Michaelis–Menten fits to enrichment data

The DMS library enrichments across different CO2 concentrations were used to estimate Michaelis–Menten kinetic parameters for every variant. Guided by the linear relationship between growth rate and kcat observed in Fig. 1e, we assume that the cell growth rate is proportional to the rubisco enzyme velocity to derive the CO2 titration fits (see ‘Derivation of Michaelis–Menten fit’, equation (S1))

$${e}_{{\rm{m}}{\rm{u}}{\rm{t}},{\rm{n}}{\rm{o}}{\rm{r}}{\rm{m}}}([{{\rm{C}}{\rm{O}}}_{2}])=\frac{{\mathop{V}\limits^{ \sim }}_{\text{max},{\rm{m}}{\rm{u}}{\rm{t}}}({\mathop{K}\limits^{ \sim }}_{{\rm{C}},{\rm{W}}{\rm{T}}}+[{{\rm{C}}{\rm{O}}}_{2}])}{{\mathop{V}\limits^{ \sim }}_{\text{max},{\rm{W}}{\rm{T}}}({\mathop{K}\limits^{ \sim }}_{{\rm{C}},{\rm{m}}{\rm{u}}{\rm{t}}}+[{{\rm{C}}{\rm{O}}}_{2}])}$$
(3)

\({\widetilde{V}}_{\text{max},{\rm{mut}}}/{\widetilde{V}}_{\text{max},{\rm{WT}}}\) is the ratio of mutant maximum velocity relative to wild type, \({\widetilde{K}}_{{\rm{C}},{\rm{WT}}}\) is the wild-type KC for which we used the value 149 μM, and \({\widetilde{K}}_{{\rm{C}},{\rm{mut}}}\) is the mutant KC. The titration curves in triplicate for each variant were fit to equation (3) using non-linear least squares curve fitting while requiring both Vmax and KC,mut to be positive.

We noted that the \({\widetilde{K}}_{{\rm{C}}}\) fits to certain variants—particularly ones with low \({\widetilde{V}}_{\max }\)—were sensitive to the choice of processing parameters cmin and αp. Given the semi-arbitrary nature of these parameters, this is clearly an undesirable dependence and engenders low confidence in the inferred \({\widetilde{K}}_{{\rm{C}}}\) values. To account for this uncertainty we conducted a parameter sweep (with 11 different cmin values linearly spaced between 0 and 50, and 10 αp values log spaced between 1 × 10−9 and 1 × 10−6), and computed the variant enrichments for all combinations of these parameters.
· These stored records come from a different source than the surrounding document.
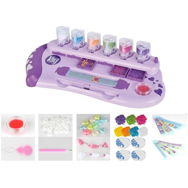 Descubre un mundo de creatividad con el kit para armar pulseras y collares diamantes. Diseñado para niñas, este conjunto fomenta la imaginación y la destreza manual mientras los pequeños crean joyas únicas. Incluye un estuche práctico para mantener todo organizado y a la mano, facilitando el aprendizaje a través del juego.
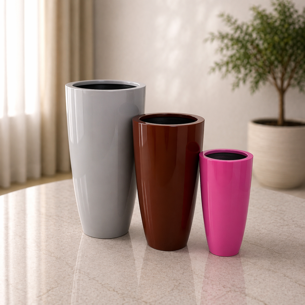 3’lü Uzun Fiber Saksı Seti – Modern Dekoratif İç Mekan Saksıları
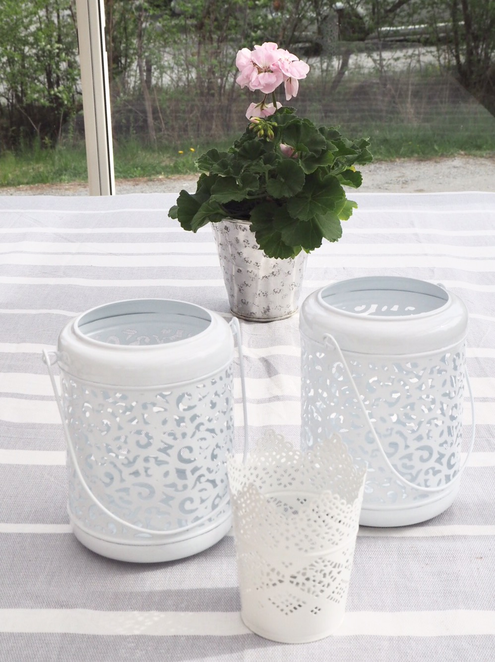 I uterummet har vi ju ett stort matbord som vi byggt själva, istället för att måla det så köpte jag en stora ljuslyktorna.
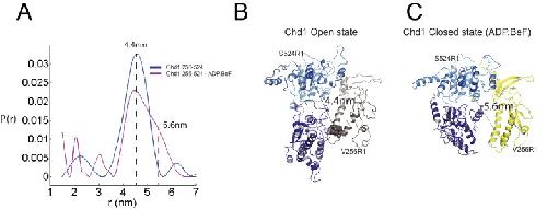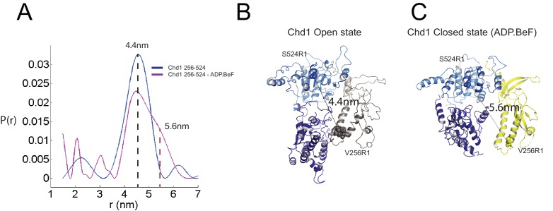 Figure 4. Nucleotide dependent reconfiguration of Chd1 chromodomains.Pulsed electron paramagnetic measurements were used to measure the distance between nitroxyl reporter groups attached to Chd1 at ATPase lobe 1 (S524) and chromodomain I (V256). (A) The probability distribution P(r) at different separations was measured in the presence (purple) and absence (blue) of ADP.BeF. The distance corresponding to the major distance is shown for both measurements. The distance corresponding to the additional distribution appears as a shoulder in the presence of ADP.BeFx and is also indicated. Modelled distances between these labelling sites in the open state (3MWY), and the closed state observed in the Chd1 bound nucleosome are indicated in (B) and (C), respectively.10.7554/eLife.35720.019Figure 4âsource data 1. PELDORDistanceDistribution.csv. |
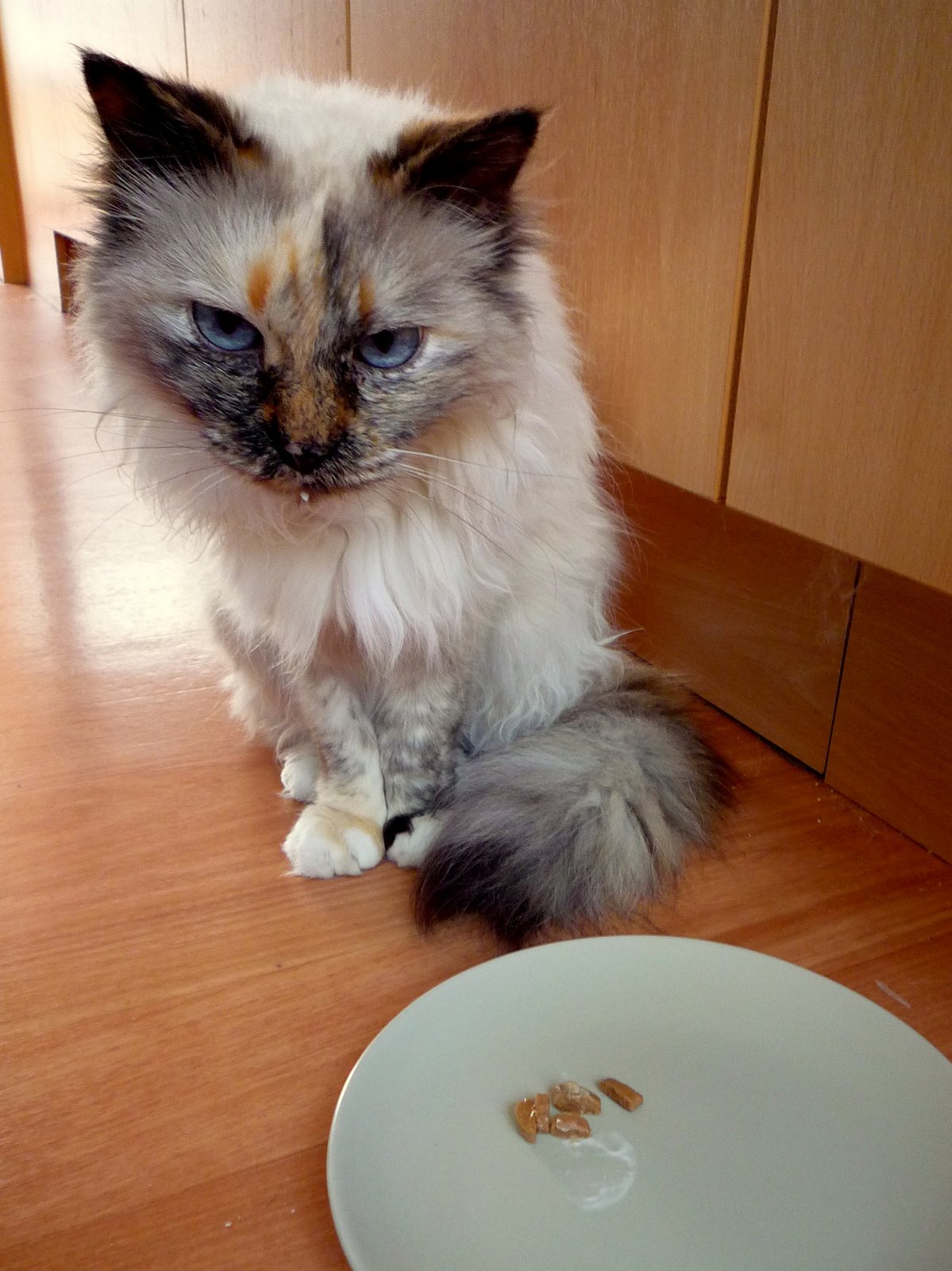 Si on tente de ruser et de planquer le cachet entier dans du fromage blanc, ce chat lape tout ledit fromage blanc et nous restitue une assiette propre comme au sortir du lave-vaisselle, avec un médicament intact au milieu.
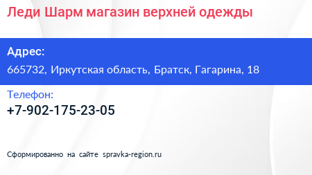 Леди Шарм, магазин верхней одежды по адресу 665732, Иркутская область, Братск, Гагарина, 18 в дальнейшем Организация, размещена в следующих категориях:
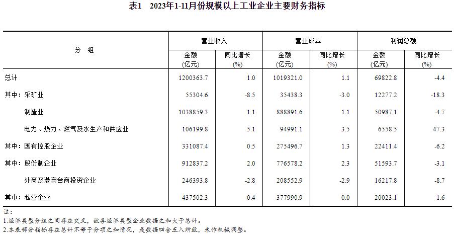 1—11月份,全國規(guī)模以上工業(yè)企業(yè)實現(xiàn)利潤總額69822.8億元,同比下降4.4%,降幅比1—10月份收窄3.4個百分點(按可比口徑計算,詳見附注二)。
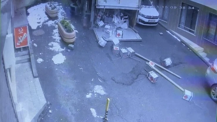 Beyoğlu'nda tehlikeli ve yanıcı madde yüklü kamyonet yokuşta duran aracı beklediği esnada kaymaya başladı. Taşlara ve ağaca çarpan kamyonet devrilerek yan yatarken, sürücü kazadan yara almadan kurtuldu. Faciadan dönülen anlar kameralara yansırken, kazanın şokunu yaşayan sürücü yere çöküp uzun süre kamyonetine baktı.
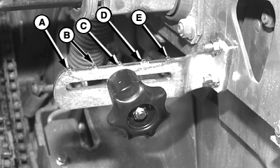 The twine guide controls twine wrap distance from left-hand end of bale. Twine wrap distance can be adjusted from 89-190 mm (3-1/2-7-1/2 in.) at 25 mm (1 in.) increments.
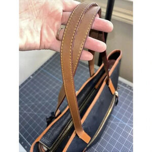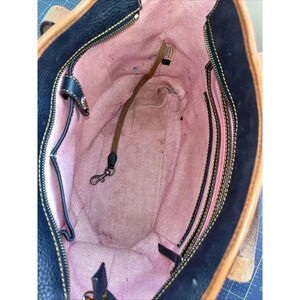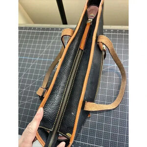 Stylish black crossbody bag with tan accents. Features a classic design. Perfect for everyday use. Vintage.

We then performed ten subsamplings of the replicates for all parameter sets and performed the ratiometric Michaelis–Menten fit. From this set of 1,100 \({\widetilde{K}}_{{\rm{C}}}\) fit values for each variant we computed a quartile-based coefficient of variation that was used as a figure of merit for the \({\widetilde{K}}_{{\rm{C}}}\).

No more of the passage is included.